The optimum would be that all the structured data (the info that you find in the upper right table of each KB sheet) were scraped by the website to create an easy to access search tool (and keyboard collection manager and rating system and whatever).

My impression is that kbdb could do wonders to help feeding the wiki, so making the db read only would a pity (for the sake of the wiki completeness too). An alternative would be to let the DB exclusively handle the structured data that is continuously pushed to the wiki.
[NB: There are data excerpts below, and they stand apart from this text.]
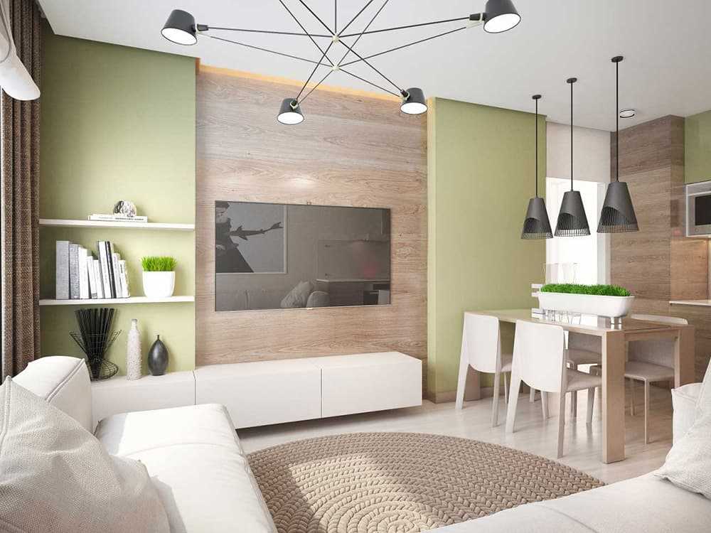 Посмотрев в Интернете удачные фото гостиной в фисташковом стиле, можно сделать вывод, что чаще всего используются 3 типа ее цветового оформления: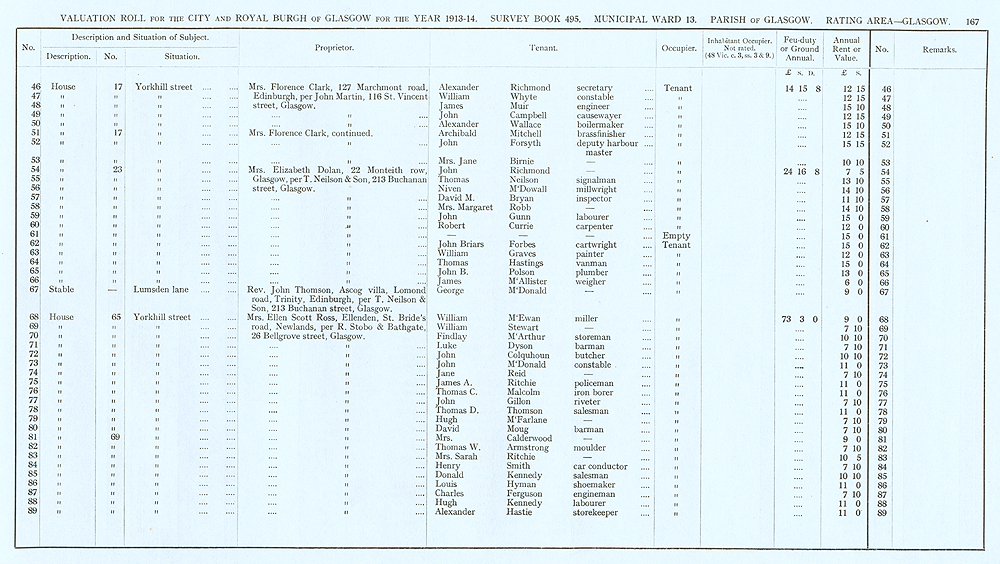 Glasgow Valuation Roll VR 1913-14, Ward 13, p167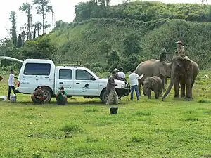 ElefantAsia created the Mobile Veterinary Unit to provide 'house calls' to domesticated elephants working in remote areas. Operating in the Xaignabouli province of Laos, the Mobile Veterinary Unit is especially designed to dispense medical care to domesticated elephants.[5] ElefantAsia's veterinary team visits logging sites, tourist camps and villages where elephants are employed to ensure they are receiving adequate healthcare. This is necessary as vaccinations are not available, medical treatment is rare and medication dosages are hardly ever adhered to.[6]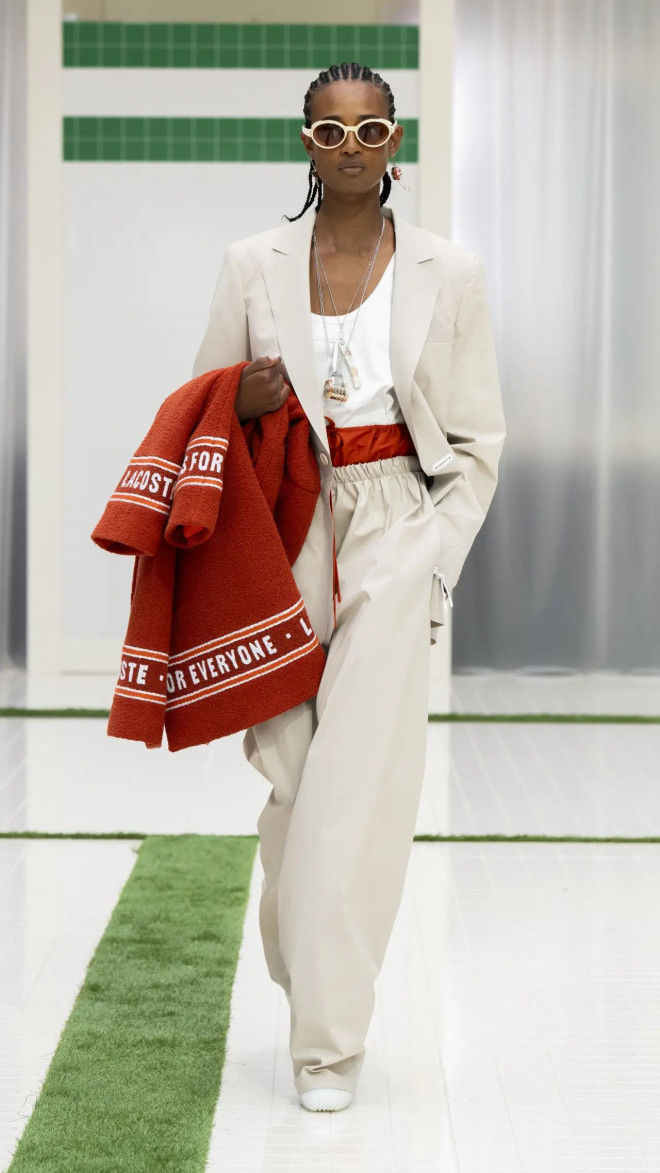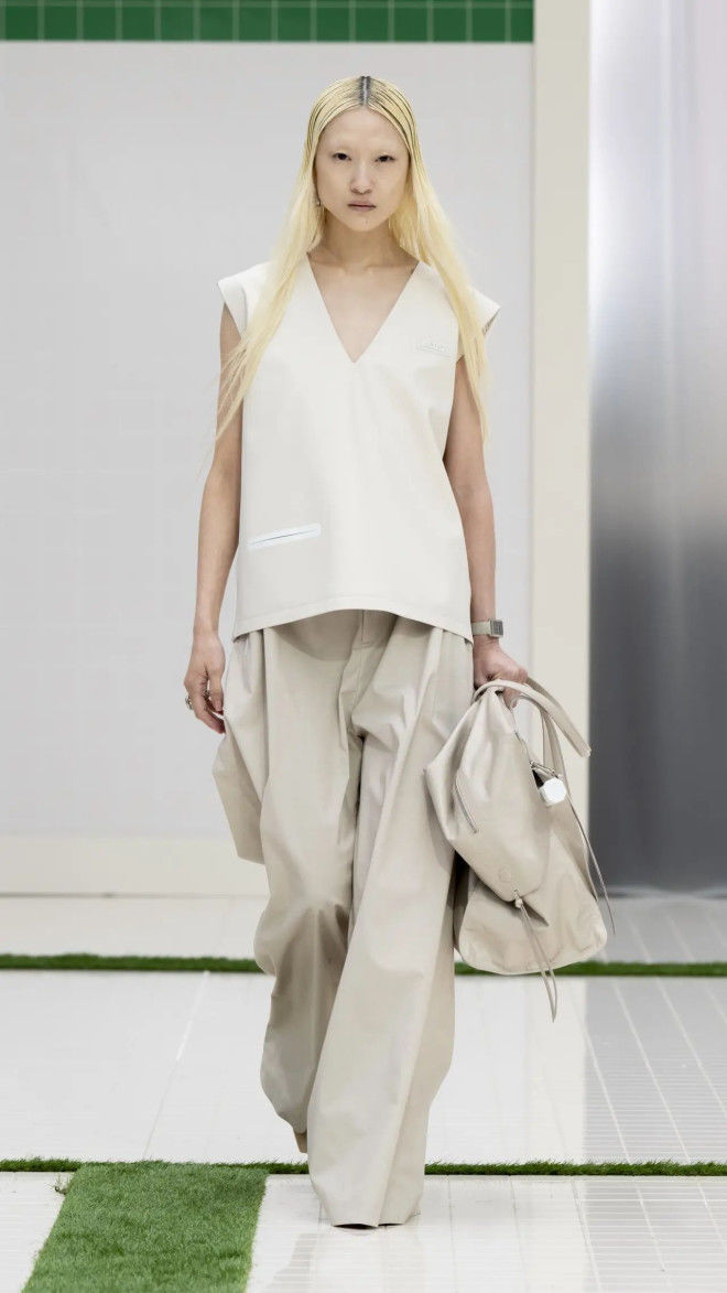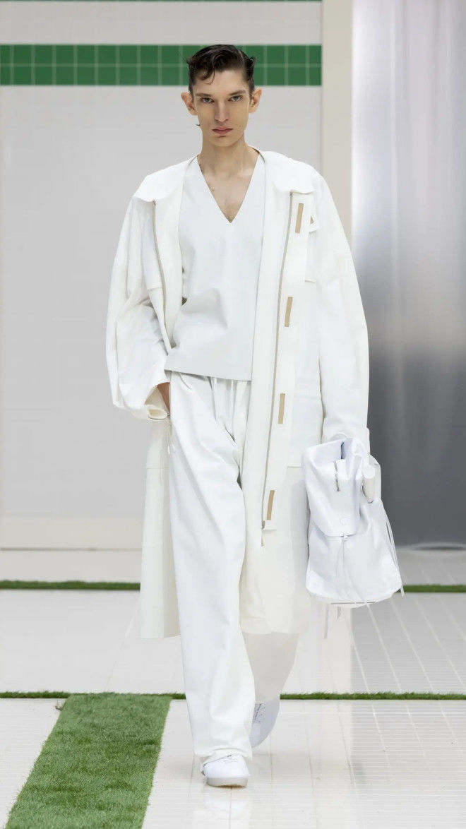 在巴黎 Lycée Carnot 埃菲尔大厅这一历史性地标,LACOSTE 将 2026 春夏巴黎时装秀的舞台重塑为“更衣室”。通过瓷砖铺陈的墙面重现了 René Lacoste 等所有运动员所熟悉的“后台”氛围:氤氲着水汽的弧形玻璃幕墙与层层垂落的淋浴帘幕。品牌创意总监 Pelagia Kolotouros 以全新时尚视角诠释品牌运动基因,超越竞技胜负的框架,聚焦于品牌创始人早年训练岁月中的纯粹初心。

Keeping both the db AND the wiki read/write would quite an effort, you know, perfect syncing is never an easy task.

But I have no control over the wiki, its code or the direction the admins or the community want for it, hence "I hope we can find a way to exchange data". That you can read "I hope we can find a way to collaborate".
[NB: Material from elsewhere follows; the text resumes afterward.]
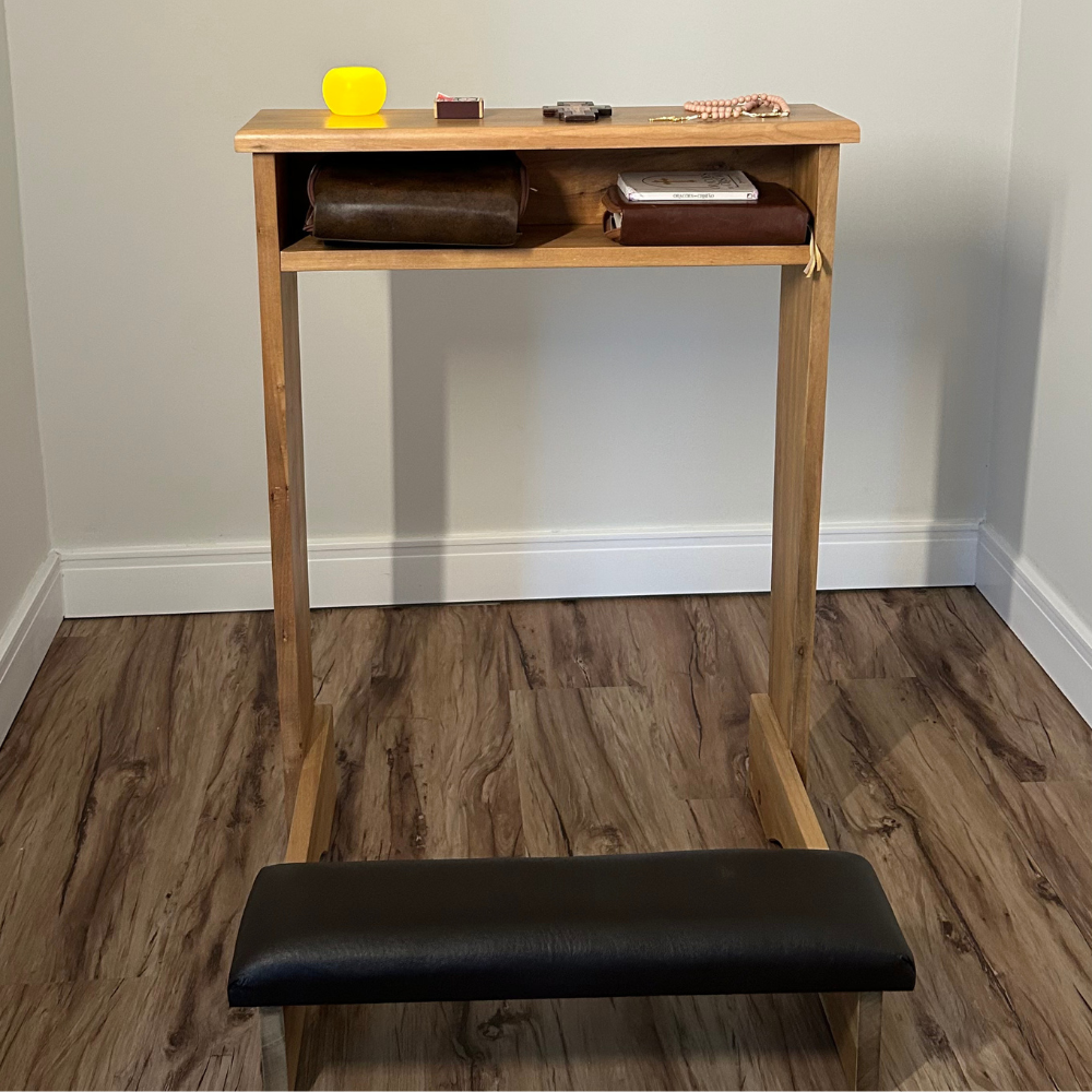 A prática da oração e da devoção pessoal fortalecem, descansam e renovam o espírito para o testemunho e as lutas de cada dia. O genuflexório Santo Agostinho oferece a condição necessários para a piedade dos fiéis em um designe exclusivo Sacro Legno. A madeira em suas características naturais confere ainda mais nobreza e elegância para a peça. O porta livros abaixo do apoio de cotovelos auxilia na organização dos materiais utilizados na oração, como terço, bíblia e outros.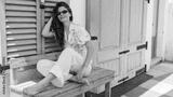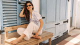 Positive young caucasian woman looking at camera with smile while sits outdoor. Brunette hair girl wears light casual clothes. Concept positive moments.

If I didn't care about DT wiki I would have already released a beta of kbdb and advertised on GH :P
Attachments
wiki-to-kbdb.jpg
wiki-to-kbdb.jpg (164.22 KiB) Viewed 5111 times

User avatar
webwit
Wild Duck

30 Jul 2013, 10:37

matt3o wrote:But I have no control over the wiki, its code or the direction the admins or the community want for it, hence "I hope we can find a way to exchange data".
I don't remember that your wiki extension or other contribution was turned down by the Demongolator. :mrgreen:
I'm glad this wasn't Beardsmore opinion when he wanted to research switches and keyboards, to proceed and start his own thing, after scraping the wiki. Or of all the contributors to the open source software we run. The wiki software and the wiki data is open source. There is currently no official control or admin. It is what the contributors make of it. I just update the software and hand people access or copies if they need it.

Let's face it. It's not that you don't have control or whatever, you didn't try, but that you don't want to deal with the complexities of the wiki and integration with it, and it's easier to get the data and take it from there. This is were I worry that such complexities will be left to the leprechauns to handle. They will get data. Again the wiki is what the contributors make of it. If someone contributes a tool which takes and expands on data but it doesn't integrate back, there is no magic wiki team who will do what the contributor didn't want to get into, it would just be a half-arsed contribution.

User avatar
matt3o
-[°_°]-

30 Jul 2013, 10:54

I feel mildly offended by your words, but okay I take them.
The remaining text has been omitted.